摘要: The evaluation of deep generative models including generative adversarial networks (GANs) and diffusion models has been extensively studied in the literature. While the existing evaluation methods mainly target a centralized learning problem with training data stored by a single client, many applications of generative models concern distributed learning settings, e.g. the federated learning scenario, where training data are collected by and distributed among several clients. In this paper, we study the evaluation of generative models in distributed learning tasks with heterogeneous data distributions. First, we focus on the Fr’echet inception distance (FID) and consider the following FID-based aggregate scores over the clients: 1) FID-avg as the mean of clients’ individual FID scores, 2) FID-all as the FID distance of the trained model to the collective dataset containing all clients’ data. We prove that the model rankings according to the FID-all and FID-avg scores could be inconsistent, which can lead to different optimal generative models according to the two aggregate scores. Next, we consider the kernel inception distance (KID) and similarly define the KID-avg and KID-all aggregations. Unlike the FID case, we prove that KID-all and KID-avg result in the same rankings of generative models. We perform several numerical experiments on standard image datasets and training schemes to support our theoretical findings on the evaluation of generative models in distributed learning problems.

== VLN ==

标题: Active propulsion noise shaping for multi-rotor aircraft localization

作者: Gabriele Serussi, Tamir Shor, Tom Hirshberg

PubTime: 2024-02-29

Downlink: http://arxiv.org/abs/2402.17289v2

中文摘要: 多旋翼空中自主飞行器（MAV）主要依靠视觉进行导航。然而，视觉定位和里程计技术在低阳光或直射阳光下表现不佳，视野有限，易受遮挡。在许多情况下，声学传感可以作为视觉的补充甚至替代形式，并且它还具有更低的系统成本和能量足迹的额外好处，这对于微型飞机尤其重要。本文建议主动控制和塑造旋翼产生的飞机推进噪声，以利于定位任务，而不是将其视为有害的干扰。我们提出了一种神经网络架构，用于已知环境中基于自噪声的定位。我们表明，训练它与学习时变转子相位调制同时实现了精确和鲁棒的定位。使用2D声学环境中MAV转子噪声的计算负担得起的模拟来评估所提出的方法，该模拟与转子压力场的真实记录相吻合。

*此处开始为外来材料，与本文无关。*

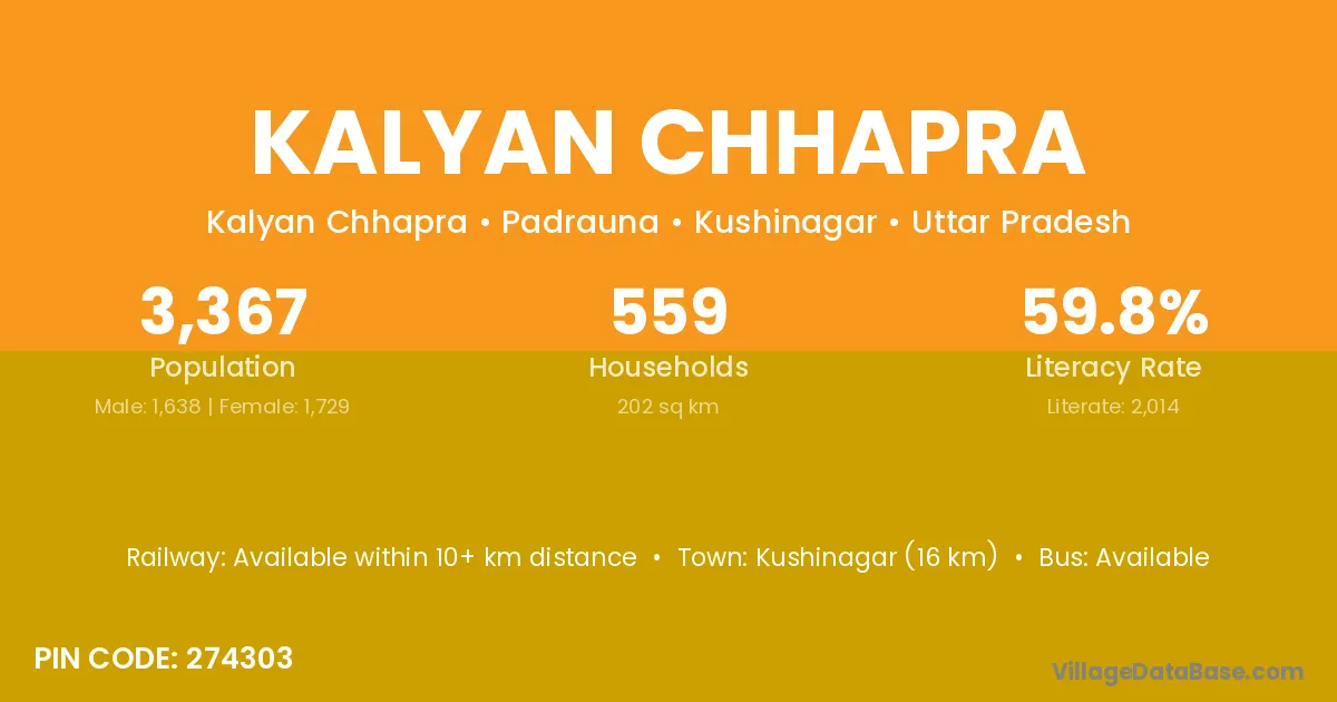 Kushinagar (16 km) is the nearest town to Kalyan Chhapra village for major economic activities and is located approximately 16 km away.

摘要: Multi-rotor aerial autonomous vehicles (MAVs) primarily rely on vision for navigation purposes. However, visual localization and odometry techniques suffer from poor performance in low or direct sunlight, a limited field of view, and vulnerability to occlusions. Acoustic sensing can serve as a complementary or even alternative modality for vision in many situations, and it also has the added benefits of lower system cost and energy footprint, which is especially important for micro aircraft. This paper proposes actively controlling and shaping the aircraft propulsion noise generated by the rotors to benefit localization tasks, rather than considering it a harmful nuisance. We present a neural network architecture for selfnoise-based localization in a known environment. We show that training it simultaneously with learning time-varying rotor phase modulation achieves accurate and robust localization. The proposed methods are evaluated using a computationally affordable simulation of MAV rotor noise in 2D acoustic environments that is fitted to real recordings of rotor pressure fields.